4. Oil a loaf tin and line the base with three of the bacon rashers. Fill with the pate and cover with the other rashers. Seal with buttered greaseproof paper and foil.
5. Stand in a baking tin filled with enough hot water to come ½ way up sides of the tin. Cook in centre of the oven for 1.5 hours. Cover with fresh buttered paper, place a weight on top and leave overnight.

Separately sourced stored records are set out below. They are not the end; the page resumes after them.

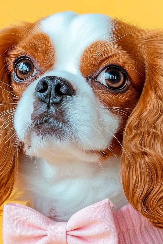 Soft, shiny ears frame a sweet face on which eyes shine like two shimmering buttons. Wearing a soft pink jumper and an elegant bow, this Cavalier King Charles Spaniel is not only charming but also extremely stylish. His inquisitive look tells of playful adventures and loyal friendship, in keeping with his royal heritage.
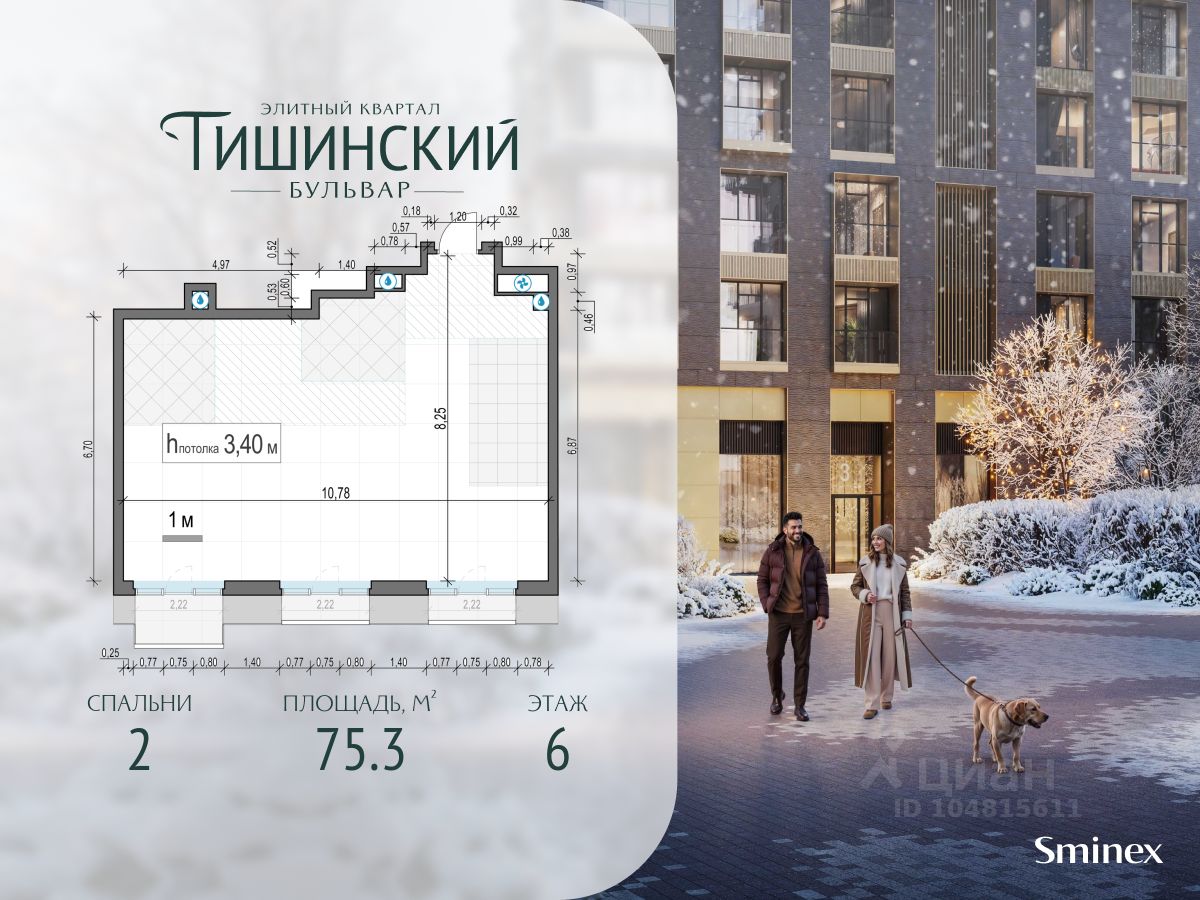 В продаже 2-комнатная квартира квартира в элитном квартале ''Тишинский бульвар''. Общая площадь квартиры - 75.30 кв.м. Этаж 6 из 9. Корпус Кленовый 3. ''Тишинский бульвар'' - тихий зелёный элитный квартал на Тишинке, в престижном и комфортном районе центра Москвы. В нём создан уникальный для элитного дома прогулочный бульвар в своём огромном парке 1,9 га. В парке оборудованы зоны для активного и тихого отдыха, крытые галереи, приватные зелёные комнаты, многофункциональная спортивная площадка, воркаут-зона, детская площадка, сухой фонтан, ручей. В пешей доступности Римско-католический кафедральный собор. Всего в полутора километрах от квартала находятся Патриаршие пруды - излюбленное место для летних прогулок, воскресных бранчей и романтических ужинов. Белая площадь расположена ещё ближе - на расстоянии 1,2 километра. Это точка концентрации деловой жизни и модных ресторанов. В ''Тишинский бульваре'' только для жителей и их гостей создан уникальный для элитного дома прогулочный бульвар в собственном огромном парке площадью 2,1 га, который занимает 70% территории квартала. Бульвар проходит через весь квартал и объединяет в общее пространство три двора: Кленовый, Рябиновый и Ивовый. В парке созданы крытые галереи и приватные зелёные комнаты для отдыха и медитаций в любую погоду. Насыщенное озеленение многолетними растениями с разными периодами цветения сохраняет территорию квартала красивой круглый год. В квартале насыщенная инфраструктура только для жителей, включая Clubhouse. Здесь оборудованы пространства для здорового образа жизни по стандарту FIT LAB: в парке - многофункциональная спортивная площадка, воркаут-зона, место для занятий йогой и медитации, бесплатный фитнес-клуб с бассейном. Для маленьких жителей доступны детская площадка и игровая комната по стандарту KIDS LAB. Дома оснащены самыми полными и лучшими системами.
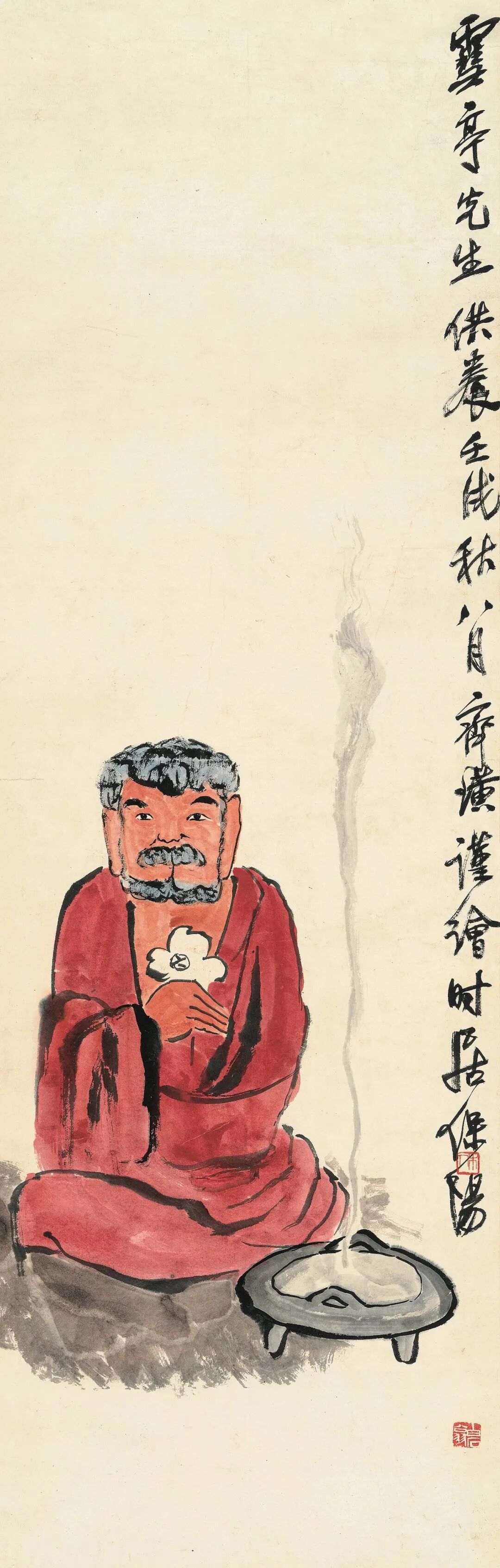 史国良题边跋:一九八〇年在颐园藻鉴堂召开中国画研讨会,请黄胄先生做示范表演,画老汉眼睛时,先生说我眼睛有几分象新疆人,请我做模特,因不忍放弃看先生示范,一边做模特,一边斜眼看他画画。到会的画家很多紧紧围在先生周围,密不透风,先生边挥毫边擦汗,周思聪老师在一旁用报纸帮他扇风,很多画家说:“看完黄胄先生示范才知什么是大气,什么是气韵生动。”甲申年腊月国良托于北京紫竹精舍。印文:慧禅和尚、史
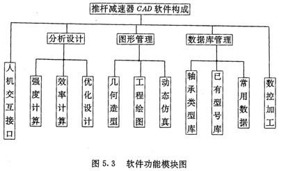 軟件主要由分析設(shè)計、圖形管理、數(shù)據(jù)庫管理及摟控加工四大部分組成,并提供了一個友好的人機交互接口界面用于實現(xiàn)漢字人機對話。本交互接口由三級推拉彈出式菜單組成。軟件模塊結(jié)構(gòu)如圖5.3所示。各大模塊的主要功能及特點如下:
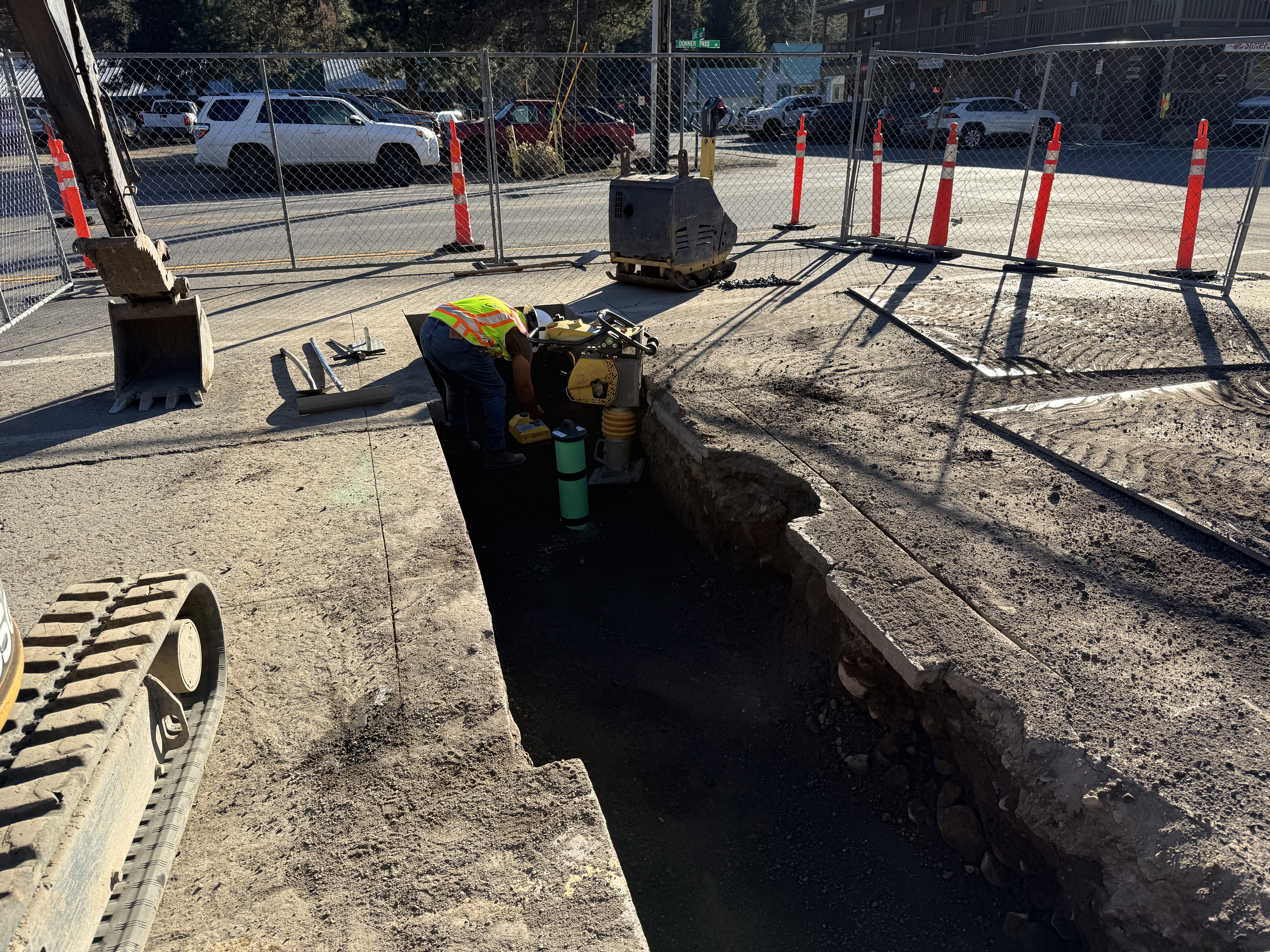 The photo shows an active construction site with a trench being excavated. A worker is seen operating a compactor in the trench, likely compacting backfill material. The site is fenced off with safety barriers and cones. Equipment including an excavator is parked nearby.
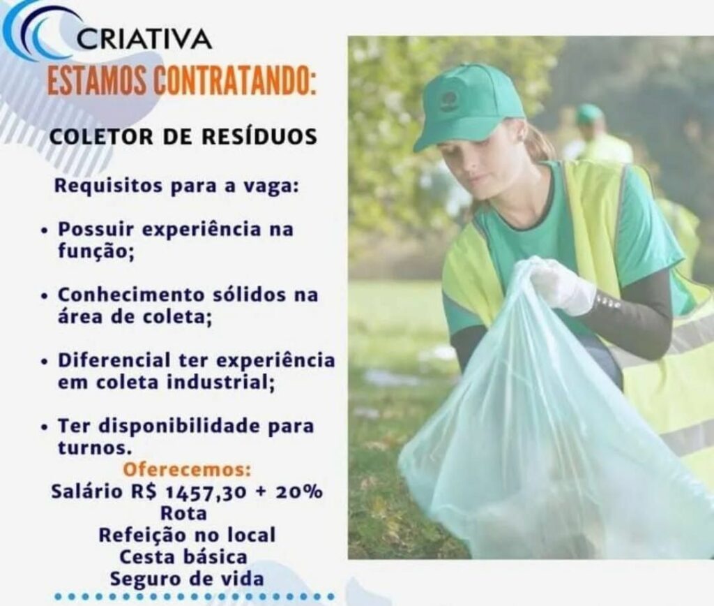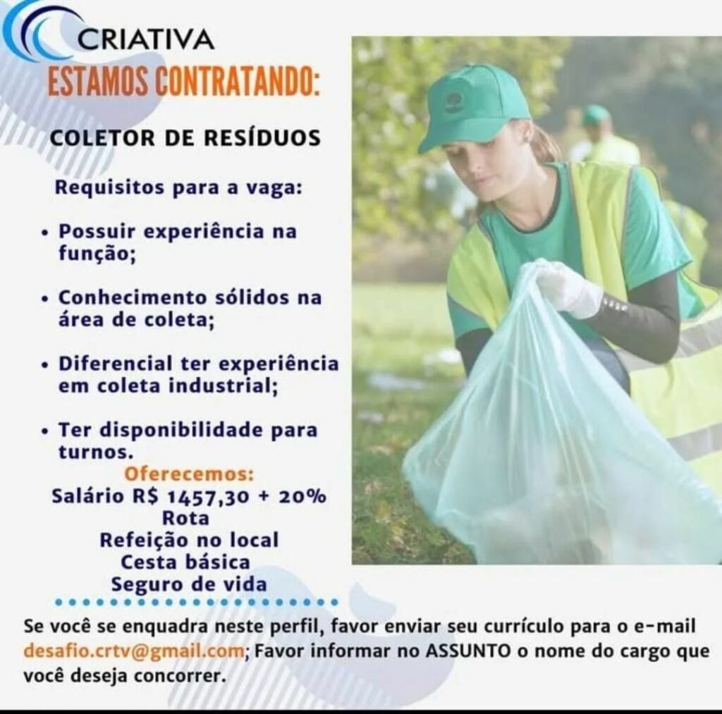 Empresa seleciona para vaga de Coletor de resíduos; Envie seu currículo!
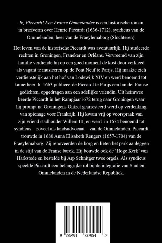 Ik, Piccardt! is een historische roman in briefvorm over Henric Piccardt (1636-1712), syndicus van de Ommelanden en heer van de Fraeylemaborg. Het leven van de historische Piccardt was avontuurlijk. Hij studeerde rechten in Groningen, Franeker en Orléans. Vervreemd van zijn familie verdiende hij op een goed moment de kost door verkleed als vagant te musiceren op de Pont Neuf te Parijs. Hij maakte zich verdienstelijk aan het hof van Lodewijk XIV, de Zonnekoning, en werd benoemd tot kamerheer. In 1663 publiceerde Piccardt te Parijs een bundel Franse gedichten, opgedragen aan een adellijke vriendin. Uit heimwee keerde Piccardt in het Rampjaar1672 terug naar Groningen waar hij prompt na Groningens Ontzet gearresteerd werd op verdenking van spionage voor Frankrijk. Hij kwam vrij op voorspraak van zijn vriend stadhouder Willem III, en werd in 1674 benoemd tot syndicus – zoveel als landsadvocaat – van de Ommelanden. Piccardt trouwde in 1680 Anna Elisabeth Rengers (1657-1704) van de Fraeylemaborg. Zij renoveerden de borg en lieten het park aanleggen in de stijl van de Franse barok. Hij bouwde ook de ‘Hoge Kerk’ van Harkstede en bestelde bij Arp Schnitger twee orgels. Als syndicus speelde Piccardt een belangrijke rol bij de integratie van Stad en Ommelanden in de Nederlandse Republiek. Deze gefingeerde brief van Piccardt is gericht aan Jean-Henry d’Anglebert (1635-1691), musicus aan het hof van Lodewijk XIV. D’Angleberts muziek vormt een continuo in de brief. Twee thema’s zijn Piccardts wankelmoedig geloof en zijn grote liefde voor Anna Rengers, afgezet tegen zijn eerdere escapades. Gebruik werd o.a. gemaakt van zijn bundel gedichten en de verslagen van zijn gerechtelijk verhoor in 1672, die bewaard worden in de Groninger Archieven.
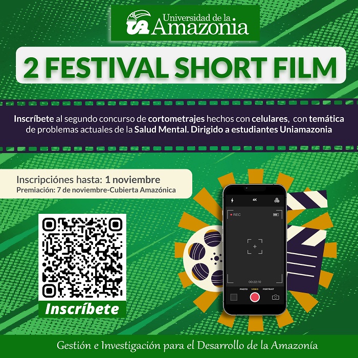 En el marco de la III Semana Artística y Cultural de la Universidad de la Amazonia, se llevará a cabo el II concurso denominado SHORT FILM FESTIVAL. Un festival de cortometrajes con celulares, esperamos puedan disfrutar de este evento y a su vez poner su imaginación al máximo.
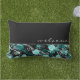 Black & White Teal Rose Pattern | Welcome | Script Lumbar Cushion
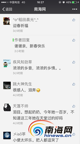 网友“阿拉伯数字的简单”说,“虽然我每个月都回家,但我还是看哭了。爸爸妈妈,我爱你们。 ”网友“天蓬不帅”说,“泪目,想起奶奶,今年她一百岁,不知道她在天堂过得好吗?”网友“疾风知劲草”评价,“浓浓的乡音,浓浓的乡情”。网友们在南海网各平台留言,纷纷表达对家人的思念和对影片的感悟,还有不少网友意犹未尽,关心电影的后续内容。

                                  Pastry

2 1/2  cups  flour
2 tsp              baking powder
250 g            butter
1/2 cup        milk
1 tsp              cider vinegar

1. Put the dry ingredients in the food processor and combine briefly.
2. Add the cubed butter and pulse till the butter is cut into small pieces.
3. Add the vinegar to the milk then pour most of it into the food processor whilst pushing the pulse button. Add the rest of the milk if needed.
4. Turn onto the bench and press together then cover and leave to rest in the fridge.

Beef Wellington

                                      Individual Beef Wellingtons

   6                    schnitzels
   6      slices        pate
   Pastry

1. Preheat the oven to 200C
2. Use a steak hammer to pound the schnitzels.
3. Place a slice of pate on each schnitzel and fold the schnitzel over it to make a parcel.
4. Roll out half of the pastry until it is a rectangle as long as 3 1/2 of the schnitzel parcels and as wide as 2 1/2 of the parcels. Place 3 of the parcels equidistant  along the long edge of the pastry but about 1/2  cm in from the edge. Brush the pastry around each parcel with water.
5. Fold the pastry in half to enclose the parcels. Press the pastry together around each parcel and then cut the parcels apart.
6. Repeat with the rest of the dough and schnitzel parcels. Brush the parcels with beaten egg and bake for 10 minutes at 200C then 15 minutes at 180C.